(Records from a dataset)

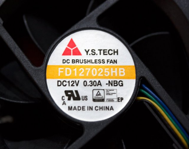 The fan is from Y.S. Tech FD127025HB.It is a 70mm dual ball bearing fan specified at 0.30A for a maximum of speed of 5000 rpm. The rated airflow is 40.5 CFM and 7.2 mm-H2O static pressure at 41.0 dB of noise.
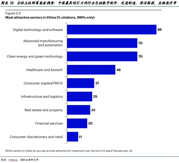 Invesco主权财富基金调查显示,2025年有28%的全球主权财富基金将中国资产列为高优先级投资资产,较2024年上升了8个百分点(图表17)。该调查中记录了一家中东主权基金管理人的观点——“尽管地缘政治紧张局势持续,但中国本土投资回报率诱人、能实现资产多元化,加之中国在关键技术领域领导地位日益凸显,这些都是积极布局的有力理由,我们正将重心转向中国创新驱动型产业。”
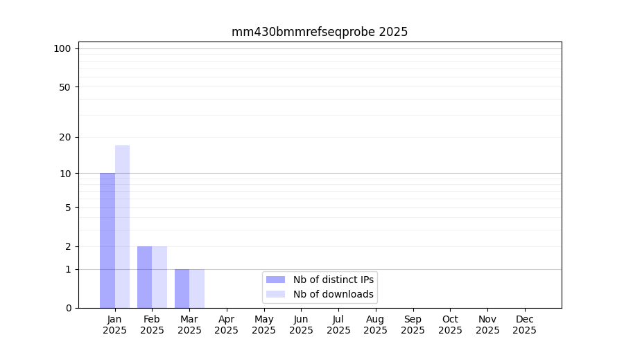 Number of downloads for annotation package mm430bmmrefseqprobe, year by year, from 2025 back to 2014 (years with no downloads are omitted):
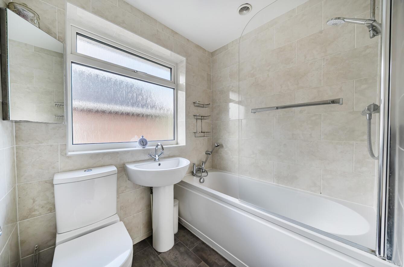 Bathroom: - Comprising bath with shower over, wash hand basin, WC.
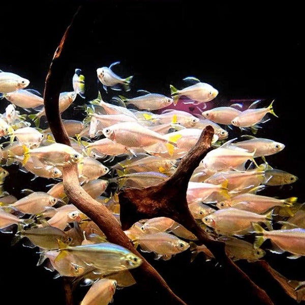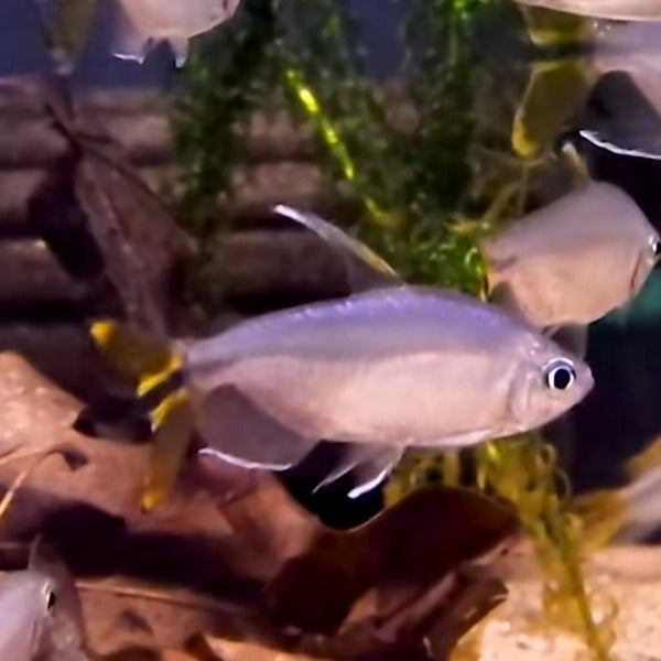 黃尾剛果美人是一種非常有吸引力且不太常見的魚群。它的整體呈銀色,但隨著成熟,會呈現出強烈的虹彩藍色、綠色和金色。
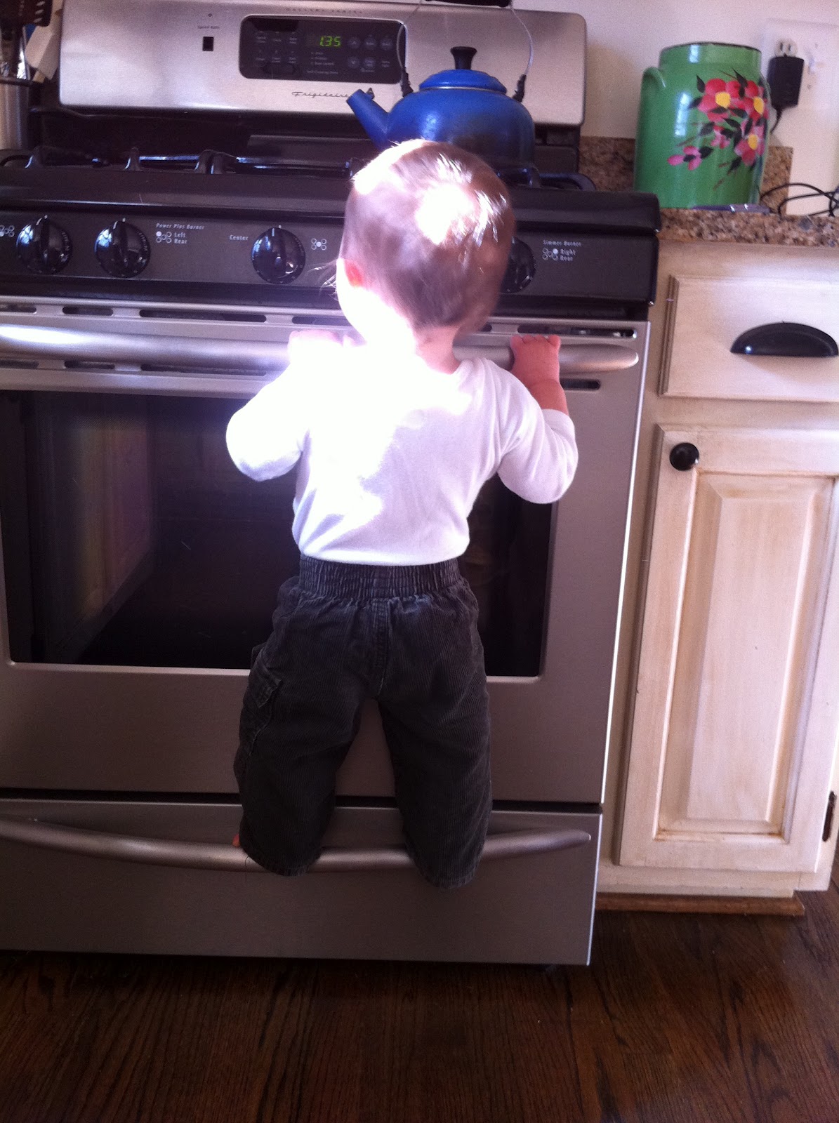 Lately my little one year old is making sure I work on it. He is keeping me on my toes and forcing me to stay alert. He is quick and he is daring. It amazes me how this little guy can lighten my spirits and remind me to relax and be mellow with the same intensity and just as quickly as his actions remind me to be ever-alert and careful. He is a busy, curious and determined little guy who wants to be a part of (or really the main attraction of) everything that is happening around him.
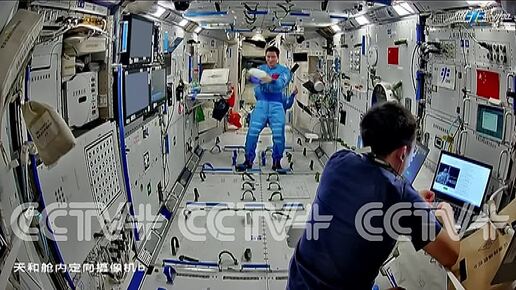 Видео работы экипажа 9-й длительной экспедиции на китайской космической станции "Тяньгун"

**REQUIRED WORK:** Look above for the line with "Invesco主权财富基金调" and the line with "黃尾剛果美人是一種非常有吸引", then restate exactly those two lines and all lines between them, with no pictures.

**YOUR SOLUTION:**
 Invesco主权财富基金调查显示,2025年有28%的全球主权财富基金将中国资产列为高优先级投资资产,较2024年上升了8个百分点(图表17)。该调查中记录了一家中东主权基金管理人的观点——“尽管地缘政治紧张局势持续,但中国本土投资回报率诱人、能实现资产多元化,加之中国在关键技术领域领导地位日益凸显,这些都是积极布局的有力理由,我们正将重心转向中国创新驱动型产业。”
 Number of downloads for annotation package mm430bmmrefseqprobe, year by year, from 2025 back to 2014 (years with no downloads are omitted):
 Bathroom: - Comprising bath with shower over, wash hand basin, WC.
 黃尾剛果美人是一種非常有吸引力且不太常見的魚群。它的整體呈銀色,但隨著成熟,會呈現出強烈的虹彩藍色、綠色和金色。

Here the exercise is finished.